SERS has attracted much research attention as a result of its ability to provide accurate uropathogen classification without the need for prior amplification of the bacterial concentration through cell culture. SERS mediated uropathogen identification has been achieved with accuracies of up to 95.8% (e.g.18,21,34,38,39,40,41,42,43,44). However, circumventing bacterial amplification has required complex processes such as immunocapture, dielectrophoresis and use of optical tweezers to capture or aggregate pathogens, which are technically challenging or require expensive equipment39,45.
In this work, a uropathogen classification accuracy of 91.6% was achieved, while physical processing was limited to vacuum filtration therein completing physical processing and Raman spectral capture in less than 15 min per sample. Vacuum filtration is a widely used microbiology technique to concentrate pathogens from large sample volumes using widely available and low-cost equipment, with processing completed minutes46. Moreover, as vacuum filtration allows for rapid separation of uropathogens from urine, direct classification was achieved in urine samples rather than in suspensions or precultured samples. Additionally, a handheld Raman spectrometer was used in this study rather than the Raman microscopes commonly used in other SERS work18,34,38,39,40,43. While Raman microscopes provide high-resolution spectra, the high costs, large footprints and requirements for technical expertise preclude their incorporation into point-of-care devices. This work complements a growing SERS literature base that aims to provide rapid uropathogen classification without the need for complex physical processing or expensive microscopes19,22,42.
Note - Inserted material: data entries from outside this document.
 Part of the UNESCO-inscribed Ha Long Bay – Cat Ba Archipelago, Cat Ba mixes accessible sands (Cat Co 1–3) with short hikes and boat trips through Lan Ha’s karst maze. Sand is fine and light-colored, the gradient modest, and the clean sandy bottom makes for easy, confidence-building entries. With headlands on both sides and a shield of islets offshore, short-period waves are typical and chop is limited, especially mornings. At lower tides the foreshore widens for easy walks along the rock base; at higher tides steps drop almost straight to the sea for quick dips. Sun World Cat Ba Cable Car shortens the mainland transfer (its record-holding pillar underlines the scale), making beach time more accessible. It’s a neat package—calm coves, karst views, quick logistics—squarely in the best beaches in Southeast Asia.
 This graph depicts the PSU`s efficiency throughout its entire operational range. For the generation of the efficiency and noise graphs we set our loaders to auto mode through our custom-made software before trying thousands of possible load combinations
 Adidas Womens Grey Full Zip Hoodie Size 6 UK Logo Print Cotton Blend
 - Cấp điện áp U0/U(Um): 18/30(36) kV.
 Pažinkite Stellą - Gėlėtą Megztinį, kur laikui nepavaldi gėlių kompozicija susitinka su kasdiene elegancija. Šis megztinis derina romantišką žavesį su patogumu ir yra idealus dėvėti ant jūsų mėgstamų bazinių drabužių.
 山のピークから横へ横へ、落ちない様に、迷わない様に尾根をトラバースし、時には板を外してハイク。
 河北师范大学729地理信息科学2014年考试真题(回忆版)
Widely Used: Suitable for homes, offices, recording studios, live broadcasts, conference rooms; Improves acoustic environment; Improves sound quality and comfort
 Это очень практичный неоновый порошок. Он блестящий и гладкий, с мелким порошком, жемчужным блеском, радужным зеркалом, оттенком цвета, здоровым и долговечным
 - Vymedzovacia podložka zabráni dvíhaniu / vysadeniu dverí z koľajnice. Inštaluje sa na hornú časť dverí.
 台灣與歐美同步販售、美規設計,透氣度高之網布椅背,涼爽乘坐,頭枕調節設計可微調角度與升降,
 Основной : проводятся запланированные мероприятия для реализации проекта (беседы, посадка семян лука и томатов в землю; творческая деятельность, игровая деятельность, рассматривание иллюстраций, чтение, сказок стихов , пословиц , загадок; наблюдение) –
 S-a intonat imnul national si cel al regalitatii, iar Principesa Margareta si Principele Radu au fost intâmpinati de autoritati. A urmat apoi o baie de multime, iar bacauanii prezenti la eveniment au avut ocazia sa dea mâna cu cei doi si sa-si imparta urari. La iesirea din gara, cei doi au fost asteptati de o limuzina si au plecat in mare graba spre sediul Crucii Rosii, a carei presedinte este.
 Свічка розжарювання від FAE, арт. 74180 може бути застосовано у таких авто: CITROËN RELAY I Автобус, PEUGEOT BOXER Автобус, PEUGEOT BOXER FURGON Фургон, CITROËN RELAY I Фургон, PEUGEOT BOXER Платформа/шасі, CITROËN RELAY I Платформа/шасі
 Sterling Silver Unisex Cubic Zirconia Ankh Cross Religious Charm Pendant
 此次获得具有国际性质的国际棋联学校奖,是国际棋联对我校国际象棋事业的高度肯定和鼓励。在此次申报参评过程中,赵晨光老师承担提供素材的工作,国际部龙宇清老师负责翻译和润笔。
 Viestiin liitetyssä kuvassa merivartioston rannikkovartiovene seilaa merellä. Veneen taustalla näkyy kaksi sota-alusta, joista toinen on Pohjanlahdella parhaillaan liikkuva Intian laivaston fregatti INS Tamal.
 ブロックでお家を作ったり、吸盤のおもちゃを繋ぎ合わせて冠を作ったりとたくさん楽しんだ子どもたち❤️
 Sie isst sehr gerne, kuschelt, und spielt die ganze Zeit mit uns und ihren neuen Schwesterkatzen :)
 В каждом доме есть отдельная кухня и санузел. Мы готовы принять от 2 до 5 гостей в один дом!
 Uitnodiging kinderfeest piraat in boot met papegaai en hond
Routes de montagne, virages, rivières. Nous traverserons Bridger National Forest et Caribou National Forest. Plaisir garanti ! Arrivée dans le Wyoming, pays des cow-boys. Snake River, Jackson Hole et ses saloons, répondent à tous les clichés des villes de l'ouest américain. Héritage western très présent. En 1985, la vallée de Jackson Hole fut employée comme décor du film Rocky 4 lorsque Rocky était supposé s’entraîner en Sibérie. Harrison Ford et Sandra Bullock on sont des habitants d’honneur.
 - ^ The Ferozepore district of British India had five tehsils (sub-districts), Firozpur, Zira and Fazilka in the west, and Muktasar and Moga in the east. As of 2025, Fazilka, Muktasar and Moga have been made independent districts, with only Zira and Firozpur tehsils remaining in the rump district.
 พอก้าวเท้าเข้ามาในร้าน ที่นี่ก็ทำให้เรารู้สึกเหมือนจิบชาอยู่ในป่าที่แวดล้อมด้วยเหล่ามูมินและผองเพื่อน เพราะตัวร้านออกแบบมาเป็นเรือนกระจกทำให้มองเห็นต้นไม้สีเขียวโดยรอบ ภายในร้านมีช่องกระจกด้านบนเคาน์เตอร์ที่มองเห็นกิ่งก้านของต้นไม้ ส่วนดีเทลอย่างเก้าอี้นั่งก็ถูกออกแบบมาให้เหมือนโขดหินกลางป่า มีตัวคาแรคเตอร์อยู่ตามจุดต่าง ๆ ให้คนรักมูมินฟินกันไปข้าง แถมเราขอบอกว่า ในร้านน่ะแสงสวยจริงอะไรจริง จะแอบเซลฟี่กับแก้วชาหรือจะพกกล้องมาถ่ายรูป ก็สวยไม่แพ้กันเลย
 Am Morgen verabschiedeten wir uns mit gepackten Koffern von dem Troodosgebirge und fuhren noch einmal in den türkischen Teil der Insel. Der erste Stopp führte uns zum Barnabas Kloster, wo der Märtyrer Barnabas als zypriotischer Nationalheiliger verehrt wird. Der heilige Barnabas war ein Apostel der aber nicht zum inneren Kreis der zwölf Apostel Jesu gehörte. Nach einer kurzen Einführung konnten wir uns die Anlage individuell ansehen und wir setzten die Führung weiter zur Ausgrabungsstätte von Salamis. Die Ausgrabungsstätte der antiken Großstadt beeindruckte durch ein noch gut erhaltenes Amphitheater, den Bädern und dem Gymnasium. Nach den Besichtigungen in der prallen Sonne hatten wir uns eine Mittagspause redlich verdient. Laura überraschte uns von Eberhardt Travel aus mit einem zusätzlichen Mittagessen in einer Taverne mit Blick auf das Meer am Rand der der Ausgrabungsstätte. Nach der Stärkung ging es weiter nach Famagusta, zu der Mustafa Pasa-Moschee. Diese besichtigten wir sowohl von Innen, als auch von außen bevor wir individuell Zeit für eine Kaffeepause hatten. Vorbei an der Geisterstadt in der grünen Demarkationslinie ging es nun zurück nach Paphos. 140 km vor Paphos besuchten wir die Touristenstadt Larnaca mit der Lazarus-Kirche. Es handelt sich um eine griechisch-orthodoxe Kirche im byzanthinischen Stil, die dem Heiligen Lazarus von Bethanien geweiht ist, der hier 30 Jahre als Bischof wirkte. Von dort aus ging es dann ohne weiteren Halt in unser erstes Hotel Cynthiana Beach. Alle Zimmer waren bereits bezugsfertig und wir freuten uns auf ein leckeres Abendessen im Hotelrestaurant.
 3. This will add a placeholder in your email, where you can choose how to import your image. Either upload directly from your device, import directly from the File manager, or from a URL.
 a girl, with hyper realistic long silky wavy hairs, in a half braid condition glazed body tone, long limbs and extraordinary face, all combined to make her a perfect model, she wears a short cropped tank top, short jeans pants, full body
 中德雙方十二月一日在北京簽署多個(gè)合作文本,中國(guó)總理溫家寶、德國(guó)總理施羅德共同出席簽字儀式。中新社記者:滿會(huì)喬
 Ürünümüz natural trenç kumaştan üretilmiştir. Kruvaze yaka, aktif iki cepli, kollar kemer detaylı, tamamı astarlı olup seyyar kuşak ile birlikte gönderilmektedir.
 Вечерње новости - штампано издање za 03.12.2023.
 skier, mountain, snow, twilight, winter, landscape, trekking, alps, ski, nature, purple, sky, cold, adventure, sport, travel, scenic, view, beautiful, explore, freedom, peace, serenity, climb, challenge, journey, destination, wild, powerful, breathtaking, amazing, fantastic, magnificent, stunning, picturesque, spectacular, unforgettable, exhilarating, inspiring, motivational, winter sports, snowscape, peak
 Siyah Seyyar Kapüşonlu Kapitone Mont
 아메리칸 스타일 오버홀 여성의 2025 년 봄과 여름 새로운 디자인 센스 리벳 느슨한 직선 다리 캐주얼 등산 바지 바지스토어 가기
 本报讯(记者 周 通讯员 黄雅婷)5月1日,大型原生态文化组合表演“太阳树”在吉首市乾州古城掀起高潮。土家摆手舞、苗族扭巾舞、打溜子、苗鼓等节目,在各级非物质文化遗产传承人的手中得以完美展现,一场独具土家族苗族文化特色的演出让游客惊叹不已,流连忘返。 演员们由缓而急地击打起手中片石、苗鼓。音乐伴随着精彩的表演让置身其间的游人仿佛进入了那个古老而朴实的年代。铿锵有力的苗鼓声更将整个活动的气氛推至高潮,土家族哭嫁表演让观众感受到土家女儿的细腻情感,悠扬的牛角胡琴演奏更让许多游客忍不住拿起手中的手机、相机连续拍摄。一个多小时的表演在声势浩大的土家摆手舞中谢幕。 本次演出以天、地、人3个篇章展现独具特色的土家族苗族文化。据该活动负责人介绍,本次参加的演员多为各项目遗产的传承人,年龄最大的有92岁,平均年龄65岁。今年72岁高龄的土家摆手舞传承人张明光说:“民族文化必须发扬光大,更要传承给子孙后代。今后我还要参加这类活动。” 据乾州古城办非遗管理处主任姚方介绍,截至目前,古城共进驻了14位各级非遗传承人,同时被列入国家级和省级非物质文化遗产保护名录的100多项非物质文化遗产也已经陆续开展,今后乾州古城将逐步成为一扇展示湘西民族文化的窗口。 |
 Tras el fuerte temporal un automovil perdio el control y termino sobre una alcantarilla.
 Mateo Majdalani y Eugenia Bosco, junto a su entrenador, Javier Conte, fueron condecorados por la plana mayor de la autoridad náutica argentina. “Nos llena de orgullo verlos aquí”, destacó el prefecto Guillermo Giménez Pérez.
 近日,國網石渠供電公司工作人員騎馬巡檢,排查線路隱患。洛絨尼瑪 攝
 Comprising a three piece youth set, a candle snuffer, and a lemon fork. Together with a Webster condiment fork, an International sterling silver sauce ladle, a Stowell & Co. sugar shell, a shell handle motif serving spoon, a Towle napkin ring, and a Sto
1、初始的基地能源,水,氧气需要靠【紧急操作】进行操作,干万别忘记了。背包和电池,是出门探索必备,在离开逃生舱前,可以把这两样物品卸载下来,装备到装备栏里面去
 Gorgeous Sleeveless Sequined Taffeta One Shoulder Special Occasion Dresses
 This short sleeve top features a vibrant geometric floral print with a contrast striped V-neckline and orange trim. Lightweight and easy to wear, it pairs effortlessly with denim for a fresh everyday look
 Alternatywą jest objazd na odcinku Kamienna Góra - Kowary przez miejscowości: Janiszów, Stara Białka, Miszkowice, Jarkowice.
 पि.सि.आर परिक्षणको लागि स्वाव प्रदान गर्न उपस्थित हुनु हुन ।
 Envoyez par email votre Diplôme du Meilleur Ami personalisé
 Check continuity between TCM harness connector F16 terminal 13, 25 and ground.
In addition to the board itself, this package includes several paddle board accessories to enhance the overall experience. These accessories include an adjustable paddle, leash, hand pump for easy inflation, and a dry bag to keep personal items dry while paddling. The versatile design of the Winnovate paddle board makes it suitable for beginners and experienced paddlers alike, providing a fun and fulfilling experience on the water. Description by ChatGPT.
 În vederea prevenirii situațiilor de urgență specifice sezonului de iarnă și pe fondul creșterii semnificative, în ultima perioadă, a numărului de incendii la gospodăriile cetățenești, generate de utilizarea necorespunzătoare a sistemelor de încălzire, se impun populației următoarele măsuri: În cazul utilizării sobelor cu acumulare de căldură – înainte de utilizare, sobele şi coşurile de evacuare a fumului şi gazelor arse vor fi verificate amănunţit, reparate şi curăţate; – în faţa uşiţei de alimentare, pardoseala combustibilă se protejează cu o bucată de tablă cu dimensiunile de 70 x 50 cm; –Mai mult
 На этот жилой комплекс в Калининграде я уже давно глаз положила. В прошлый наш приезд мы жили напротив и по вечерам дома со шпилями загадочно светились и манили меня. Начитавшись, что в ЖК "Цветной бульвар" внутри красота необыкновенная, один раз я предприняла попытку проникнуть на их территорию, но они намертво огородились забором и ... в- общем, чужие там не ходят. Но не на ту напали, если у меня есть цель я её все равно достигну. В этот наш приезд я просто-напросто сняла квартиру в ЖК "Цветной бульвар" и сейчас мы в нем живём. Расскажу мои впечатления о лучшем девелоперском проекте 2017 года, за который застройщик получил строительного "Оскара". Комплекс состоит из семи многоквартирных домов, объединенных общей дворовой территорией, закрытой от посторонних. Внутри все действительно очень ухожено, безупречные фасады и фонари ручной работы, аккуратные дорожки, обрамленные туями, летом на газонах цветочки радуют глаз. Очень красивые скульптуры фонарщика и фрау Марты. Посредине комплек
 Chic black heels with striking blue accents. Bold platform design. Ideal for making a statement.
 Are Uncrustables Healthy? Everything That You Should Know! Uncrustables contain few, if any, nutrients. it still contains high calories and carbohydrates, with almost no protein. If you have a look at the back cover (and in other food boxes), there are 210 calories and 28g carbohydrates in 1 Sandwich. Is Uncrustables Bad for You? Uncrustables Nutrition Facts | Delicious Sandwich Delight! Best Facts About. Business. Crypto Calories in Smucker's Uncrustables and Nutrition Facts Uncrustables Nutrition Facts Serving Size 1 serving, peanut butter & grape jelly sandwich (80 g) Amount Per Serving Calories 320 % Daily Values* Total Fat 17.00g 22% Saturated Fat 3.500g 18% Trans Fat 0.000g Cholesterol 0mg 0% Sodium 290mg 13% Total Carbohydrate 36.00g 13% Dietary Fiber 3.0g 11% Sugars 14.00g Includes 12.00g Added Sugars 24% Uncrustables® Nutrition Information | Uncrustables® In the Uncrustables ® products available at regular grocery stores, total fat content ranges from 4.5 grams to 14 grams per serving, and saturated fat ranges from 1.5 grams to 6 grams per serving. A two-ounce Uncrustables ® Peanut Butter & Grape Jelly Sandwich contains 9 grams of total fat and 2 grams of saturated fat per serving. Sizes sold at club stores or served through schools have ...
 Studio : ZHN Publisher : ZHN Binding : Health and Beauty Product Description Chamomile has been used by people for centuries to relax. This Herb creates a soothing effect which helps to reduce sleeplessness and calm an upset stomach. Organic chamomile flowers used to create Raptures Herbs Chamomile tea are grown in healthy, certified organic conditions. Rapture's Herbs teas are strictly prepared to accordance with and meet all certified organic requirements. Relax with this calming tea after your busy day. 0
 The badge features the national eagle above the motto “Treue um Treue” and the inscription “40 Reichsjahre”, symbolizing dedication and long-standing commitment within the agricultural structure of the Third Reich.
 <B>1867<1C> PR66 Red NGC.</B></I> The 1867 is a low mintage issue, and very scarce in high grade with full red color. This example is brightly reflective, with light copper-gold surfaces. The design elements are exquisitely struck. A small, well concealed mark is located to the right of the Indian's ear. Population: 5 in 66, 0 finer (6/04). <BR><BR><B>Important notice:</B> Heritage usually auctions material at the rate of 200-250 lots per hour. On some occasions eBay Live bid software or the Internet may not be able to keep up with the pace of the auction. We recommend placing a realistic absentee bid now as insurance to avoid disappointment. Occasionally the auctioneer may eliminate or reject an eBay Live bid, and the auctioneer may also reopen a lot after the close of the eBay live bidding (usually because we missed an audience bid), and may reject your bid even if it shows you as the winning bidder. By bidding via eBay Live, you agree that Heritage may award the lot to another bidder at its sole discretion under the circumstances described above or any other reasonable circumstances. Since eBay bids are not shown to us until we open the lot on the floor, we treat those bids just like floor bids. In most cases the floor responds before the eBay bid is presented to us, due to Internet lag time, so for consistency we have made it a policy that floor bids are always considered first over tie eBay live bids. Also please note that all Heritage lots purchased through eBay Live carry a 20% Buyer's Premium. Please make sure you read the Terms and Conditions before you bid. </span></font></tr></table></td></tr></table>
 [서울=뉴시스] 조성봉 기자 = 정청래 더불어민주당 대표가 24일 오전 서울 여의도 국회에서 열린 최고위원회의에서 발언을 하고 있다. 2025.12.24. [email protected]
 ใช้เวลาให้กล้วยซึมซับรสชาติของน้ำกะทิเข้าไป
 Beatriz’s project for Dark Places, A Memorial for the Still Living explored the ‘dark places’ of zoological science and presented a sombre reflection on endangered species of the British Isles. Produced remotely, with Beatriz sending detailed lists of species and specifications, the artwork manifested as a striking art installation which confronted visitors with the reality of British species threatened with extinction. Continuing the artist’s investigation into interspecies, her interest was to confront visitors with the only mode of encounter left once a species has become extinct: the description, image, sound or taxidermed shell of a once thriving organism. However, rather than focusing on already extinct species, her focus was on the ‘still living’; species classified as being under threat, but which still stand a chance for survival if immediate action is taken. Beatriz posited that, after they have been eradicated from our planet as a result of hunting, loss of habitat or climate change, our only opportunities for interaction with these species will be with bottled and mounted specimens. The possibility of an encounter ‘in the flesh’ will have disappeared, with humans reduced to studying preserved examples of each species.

Many SERS mediated uropathogen classification studies have employed nanoparticle colloids to achieve surface enhancement34,44. Ensuring nanoparticle consistency is technically challenging, requiring stringent experimental control, while avoiding particle aggregation necessitates controlled storage and prompt use47,48. In this work, the SERS-active surface was applied through PVD—using a commercially available deposition system (Korvus Hex)—with close control of the metal thickness achieved using the deposition system’s control software. This fine control was used to assess multiple gold thicknesses, thereby allowing optimization of the surface enhancement effect. Lastly, in addition to the relative simplicity of the fabrication procedure, a further potential advantage of this approach is that the SERS-active filters are unlikely to require specialized storage or urgent use, and so may potentially be prepared in advance for use in point-of-care testing49.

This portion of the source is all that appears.